首をかしげる私に、ネットで対局出来るサイトがあること・遠くにいる知り合い同士でもネットを通じて対局出来ること等を簡単に説明してくれた。
そんなすばらしいシステムがあるとは…!ネットってすごい!なんで今まで知らなかったんだろう…。

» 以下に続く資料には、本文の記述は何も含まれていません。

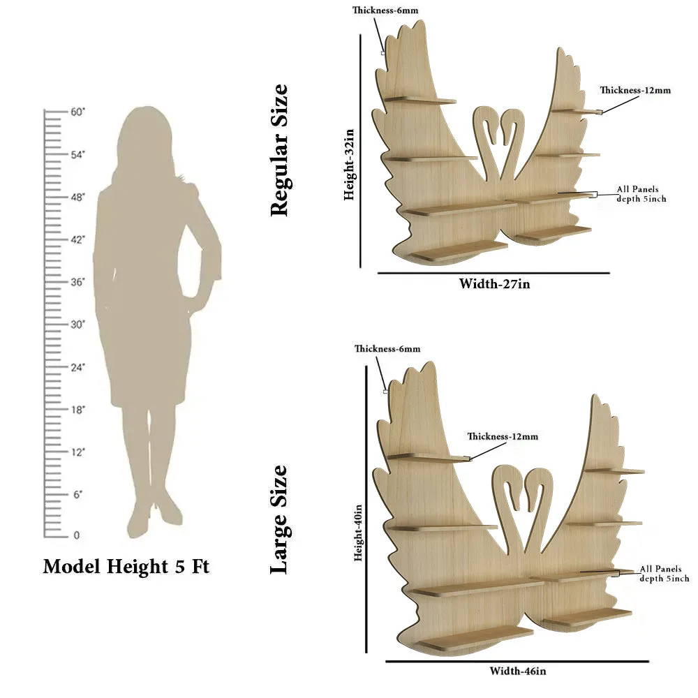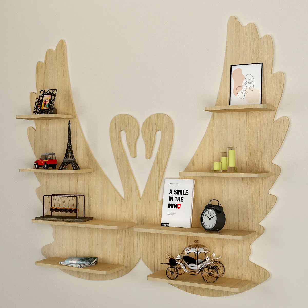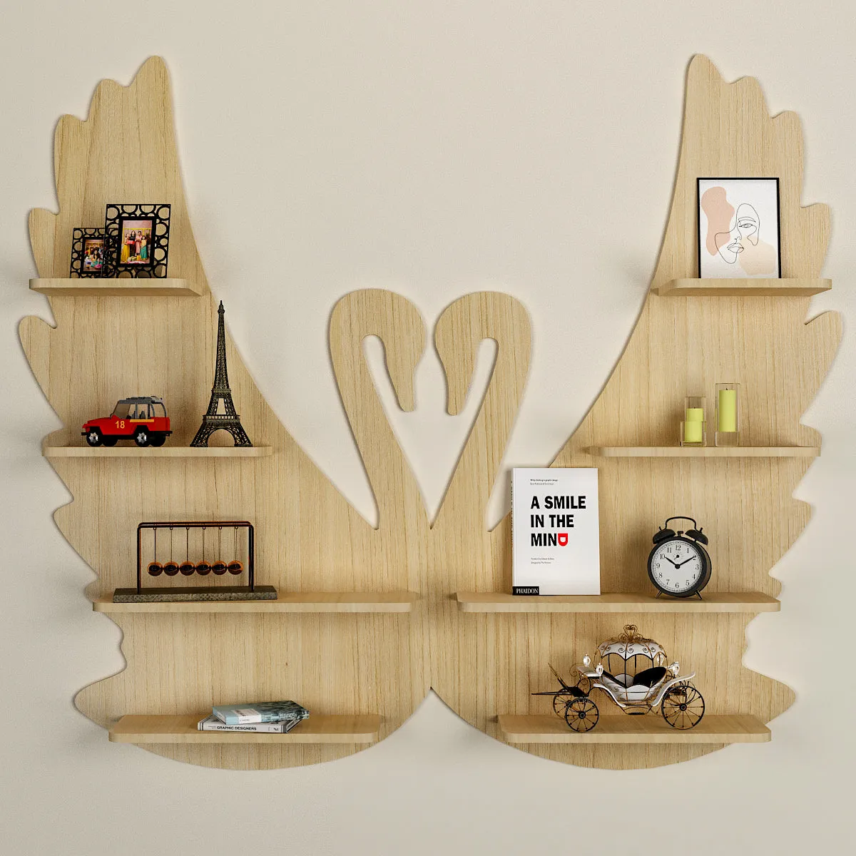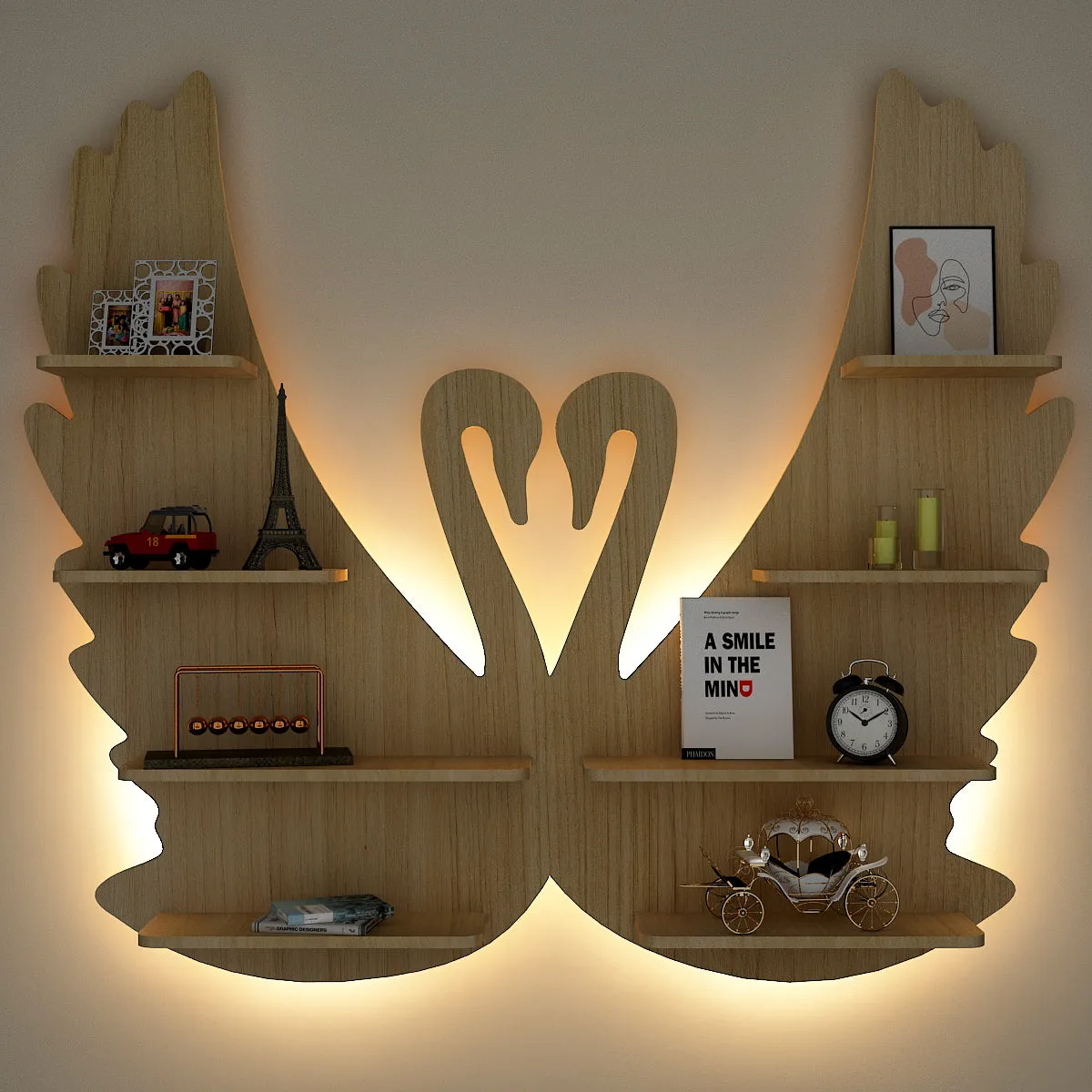 Loving Swan Backlit Wood Wall Shelf / Book Shelf / Night Light, Light Oak Finish

ネットの凄さに軽く感動しながら、千歳さんとアドレスの交換をして対局サイトを教えてもらう約束をした。

「対局楽しみしてます」
「うん。また連絡するけんね。…ほんなら、気ぃつけて帰んなっせ」
「はい。今日はありがとうございました。千歳さんも部活頑張って下さいね」

広間のドアまで見送ってくれた千歳さんに手を振り別れる。
あー、今日は楽しかった。将棋三昧の一日だったな。将棋仲間が増えたのも嬉しいし、すばらしい一日だった。とホクホクした気分で、祖父が待つ場所まで駆け足で急いだ。